The company has struggled with securing enough capital to maintain limited production of the Endurance and is actively searching for an original equipment manufacturer, or OEM, to invest in the Endurance.
On March 6, the company cautioned that it could “pause” production of the Endurance pickup this year should it not find a partner to co-develop its flagship vehicle.
“Should we not identify a partner in the coming months, we may decide to pause commercial production of the Endurance until a partner is identified,” its president and CEO, Edward Hightower, said during a conference call with analysts to discuss the company’s 2022 year-end and fourth-quarter earnings.
As it stands, Hightower says, the cost to build the Endurance is materially higher than its sale price.
While the company has an investment agreement with Foxconn to develop future vehicles, it does not have one for the Endurance.
“It’s an upside down margin on each one,” Hightower says of the Endurance. “We believe the most prudent decision is to bring on a partner.”
Discussions with potential partners are ongoing, he adds.
The statements come on the heels of a voluntary recall the company initiated last month that has already led Lordstown Motors to temporarily halt production of the Endurance.

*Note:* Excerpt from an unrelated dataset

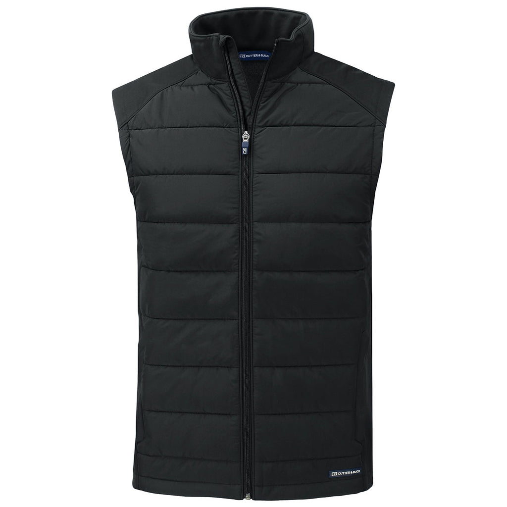 Cutter & Buck Men's Black Evoke Hybrid Eco Softshell Recycled Full Zip Vest

The recall affected 19 vehicles either in customers’ hands or owned by the company. To date, Lordstown Motors reports that it has sold six vehicles.
Hightower says the company would announce “in the coming weeks” when it would resume production of the Endurance.
Meanwhile, the CEO says a new vehicle is in the works with Foxconn, and he remains optimistic about the future of Lordstown Motors.
“The next platform and vehicle program are key to Lordstown Motors’ long-term business strategy and are becoming a greater portion of our company’s focus,” Lordstown Motors said.